After the initial chaotic outbreak and the understandable tsunami of despair and confusion felt by the small group of survivors, the story sets out its stall and asks some of the right, interesting questions. Early developments – such as exploring whether ‘viewing’ the threat via electronic images is as dangerous as seeing it with the naked eye – seem like smart moves, establishing the framework of the main characters feeling out the boundaries of their new and more limited world. Alliances, fragile and fractured though they are, start to form as disparate people find some common ground, ways to adapt and even some gallows humour in their predicament. So far, so good. But once the Bird Box set-up is there, the imperatives – so absolute and absolutely, consistently important in A Quiet Place – quickly start to get diluted. The single sentence pitch (now an enemy that makes you kill yourself when you see it) suddenly gets annotated and footnoted as convenient caveats and exceptions are introduced merely to keep that innate tension going. A seemingly unstoppable and world-killing threat that can be seen from, but can’t pass through, a doorway? Invisible forces able to move objects but not attack humans directly? Exposure to being ‘seen’ making some people kill themselves but which makes the mentally-impaired and deranged conveniently act like duplicitous Lifetime Channel bad guys or NatGeo survivalists? Add to these inconsistencies the fact that the threat’s only direct screen presence is either shadows under a door, a swirling stack of leaves or something indistinct glimpsed through a hessian-bag blindfold and there’s not enough ‘there’ there to truly chill.

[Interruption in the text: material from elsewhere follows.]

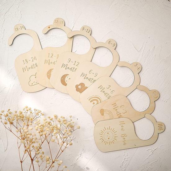 Представляем наши экологически чистые разделители размеров детской одежды для шкафа, изготовленные из прочных деревянных досок, что гарантирует их долговечность.. Эти органайзеры для детской одежды разработаны таким образом, чтобы их было легко увидеть в шкафу вашего ребенка, занимая при этом минимум места.. Благодаря 8/7 различным уровням вы можете без труда организовать одежду по месяцам по мере роста вашего ребенка от рождения до 24 месяцев.. Попрощайтесь с необходимостью рыться в кипах детской одежды с этими удобными разделителями для шкафа. Они не только поддерживают порядок, но и добавляют нотку элегантности в детскую комнату, делая вашу повседневную рутину более гладкой.. Просто повесьте их на вешалки для детской одежды, чтобы быстро организовать ее.

Equally, the story flips backwards and forwards between the initial outbreak of five years previously(and the immediate weeks afterwards) and Bullock’s ‘present-day’ dangerous journey down a river to what may or may not be some sort of salvation for her and two children she has with her. While that offers two differently claustrophobic strands of tension and narratives that ultimately need connecting, it also adds to the obvious conclusion that a majority of the supporting cast we see in the earlier time-frame are mostly collateral damage and so it becomes the formulaic pattern of ‘what will happen to them and when?’.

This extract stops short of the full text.